Collection entries
+++++

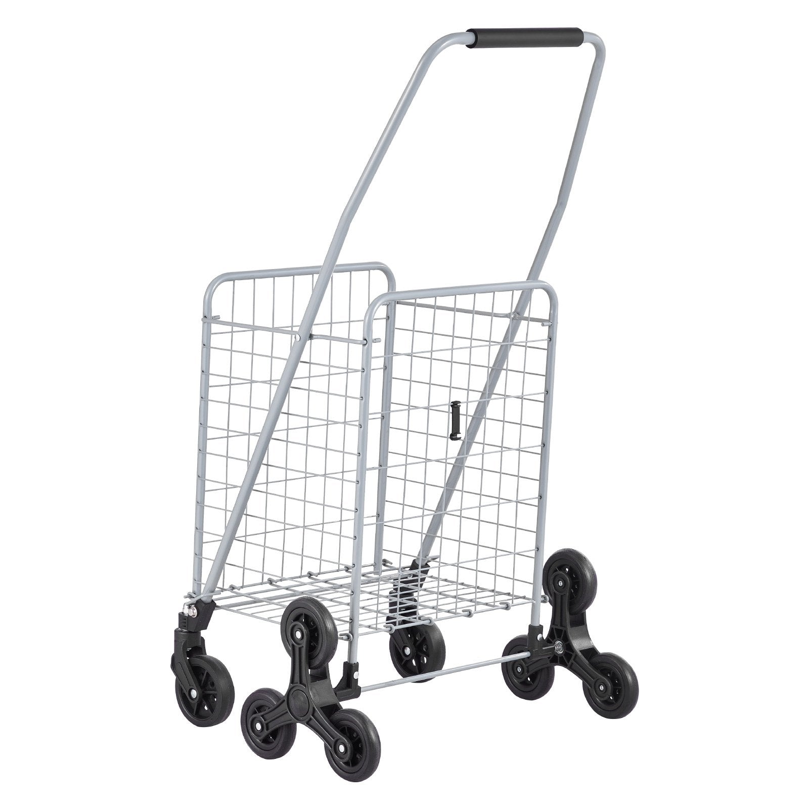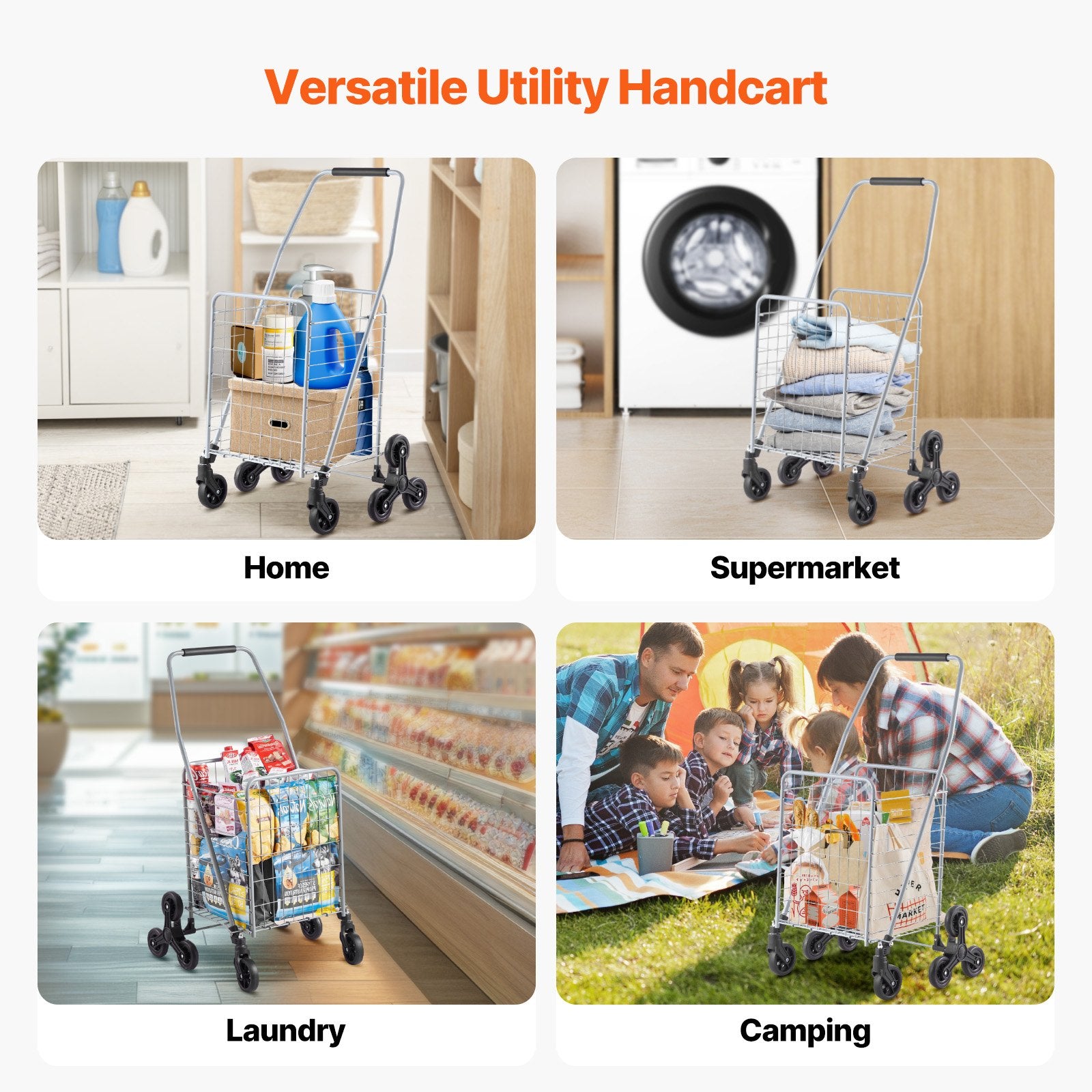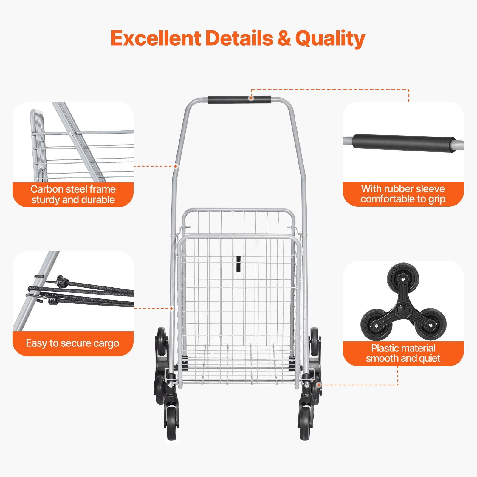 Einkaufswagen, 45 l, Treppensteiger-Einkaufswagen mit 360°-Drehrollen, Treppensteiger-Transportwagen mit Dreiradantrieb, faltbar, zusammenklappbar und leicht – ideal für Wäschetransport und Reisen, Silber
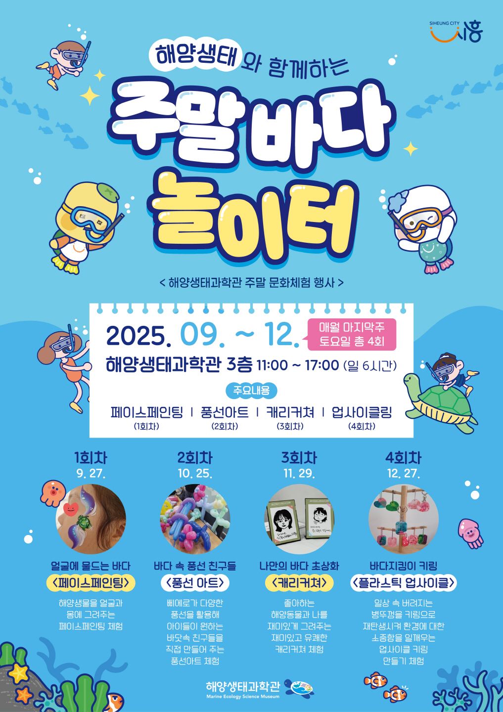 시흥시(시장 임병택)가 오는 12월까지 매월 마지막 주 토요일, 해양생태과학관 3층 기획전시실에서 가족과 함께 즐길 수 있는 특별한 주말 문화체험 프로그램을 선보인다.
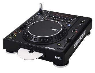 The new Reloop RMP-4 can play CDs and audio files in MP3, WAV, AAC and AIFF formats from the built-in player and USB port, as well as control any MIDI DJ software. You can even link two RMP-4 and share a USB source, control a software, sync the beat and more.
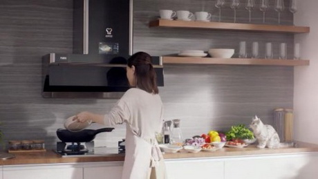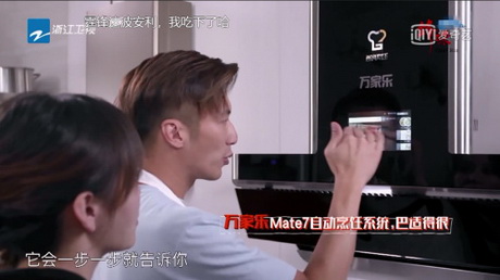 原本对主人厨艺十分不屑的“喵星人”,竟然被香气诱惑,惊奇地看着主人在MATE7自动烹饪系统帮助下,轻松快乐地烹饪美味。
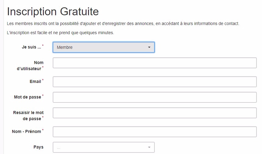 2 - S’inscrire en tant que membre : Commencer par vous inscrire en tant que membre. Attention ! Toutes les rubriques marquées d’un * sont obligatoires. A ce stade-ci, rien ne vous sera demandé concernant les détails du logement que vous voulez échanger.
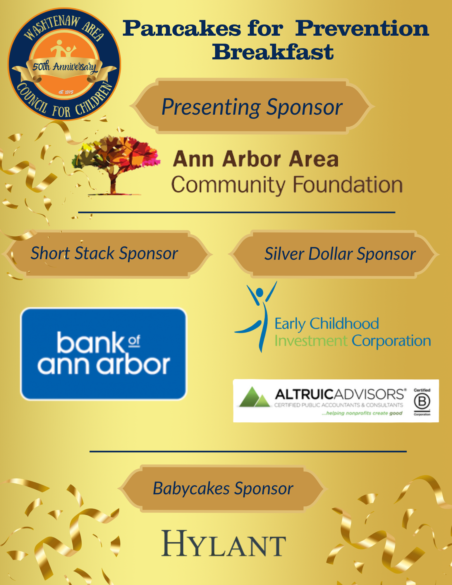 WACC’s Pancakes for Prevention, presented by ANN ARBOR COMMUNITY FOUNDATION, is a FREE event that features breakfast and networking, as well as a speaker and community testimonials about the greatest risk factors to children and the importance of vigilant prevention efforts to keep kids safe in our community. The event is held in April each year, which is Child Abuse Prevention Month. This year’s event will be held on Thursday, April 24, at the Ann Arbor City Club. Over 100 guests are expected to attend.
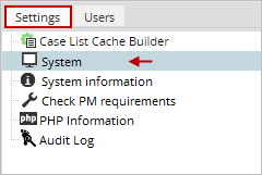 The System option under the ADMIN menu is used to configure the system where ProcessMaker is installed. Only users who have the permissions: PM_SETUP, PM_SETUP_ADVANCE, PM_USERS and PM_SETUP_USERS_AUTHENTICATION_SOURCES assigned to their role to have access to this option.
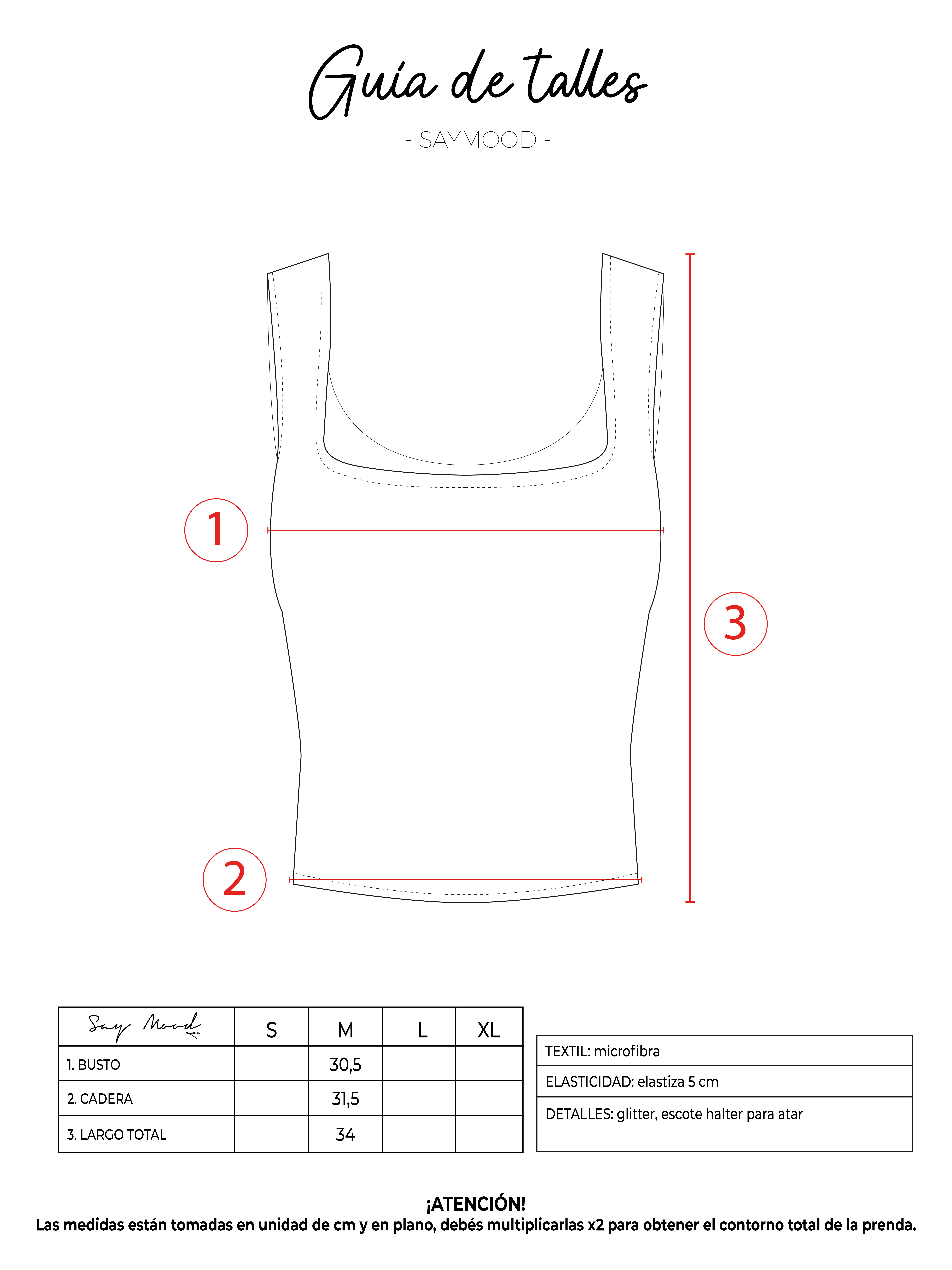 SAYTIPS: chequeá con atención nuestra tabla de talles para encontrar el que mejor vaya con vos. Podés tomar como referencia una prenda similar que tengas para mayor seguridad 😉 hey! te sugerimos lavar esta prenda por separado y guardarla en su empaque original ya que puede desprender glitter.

+++++

- **WHAT YOU SHOULD DO**: What you write should match the entries exactly, except that the pictures are dropped.

- **OUTPUT OF THE TASK**:
 Einkaufswagen, 45 l, Treppensteiger-Einkaufswagen mit 360°-Drehrollen, Treppensteiger-Transportwagen mit Dreiradantrieb, faltbar, zusammenklappbar und leicht – ideal für Wäschetransport und Reisen, Silber
 시흥시(시장 임병택)가 오는 12월까지 매월 마지막 주 토요일, 해양생태과학관 3층 기획전시실에서 가족과 함께 즐길 수 있는 특별한 주말 문화체험 프로그램을 선보인다.
 The new Reloop RMP-4 can play CDs and audio files in MP3, WAV, AAC and AIFF formats from the built-in player and USB port, as well as control any MIDI DJ software. You can even link two RMP-4 and share a USB source, control a software, sync the beat and more.
 原本对主人厨艺十分不屑的“喵星人”,竟然被香气诱惑,惊奇地看着主人在MATE7自动烹饪系统帮助下,轻松快乐地烹饪美味。
 2 - S’inscrire en tant que membre : Commencer par vous inscrire en tant que membre. Attention ! Toutes les rubriques marquées d’un * sont obligatoires. A ce stade-ci, rien ne vous sera demandé concernant les détails du logement que vous voulez échanger.
 WACC’s Pancakes for Prevention, presented by ANN ARBOR COMMUNITY FOUNDATION, is a FREE event that features breakfast and networking, as well as a speaker and community testimonials about the greatest risk factors to children and the importance of vigilant prevention efforts to keep kids safe in our community. The event is held in April each year, which is Child Abuse Prevention Month. This year’s event will be held on Thursday, April 24, at the Ann Arbor City Club. Over 100 guests are expected to attend.
 The System option under the ADMIN menu is used to configure the system where ProcessMaker is installed. Only users who have the permissions: PM_SETUP, PM_SETUP_ADVANCE, PM_USERS and PM_SETUP_USERS_AUTHENTICATION_SOURCES assigned to their role to have access to this option.
 SAYTIPS: chequeá con atención nuestra tabla de talles para encontrar el que mejor vaya con vos. Podés tomar como referencia una prenda similar que tengas para mayor seguridad 😉 hey! te sugerimos lavar esta prenda por separado y guardarla en su empaque original ya que puede desprender glitter.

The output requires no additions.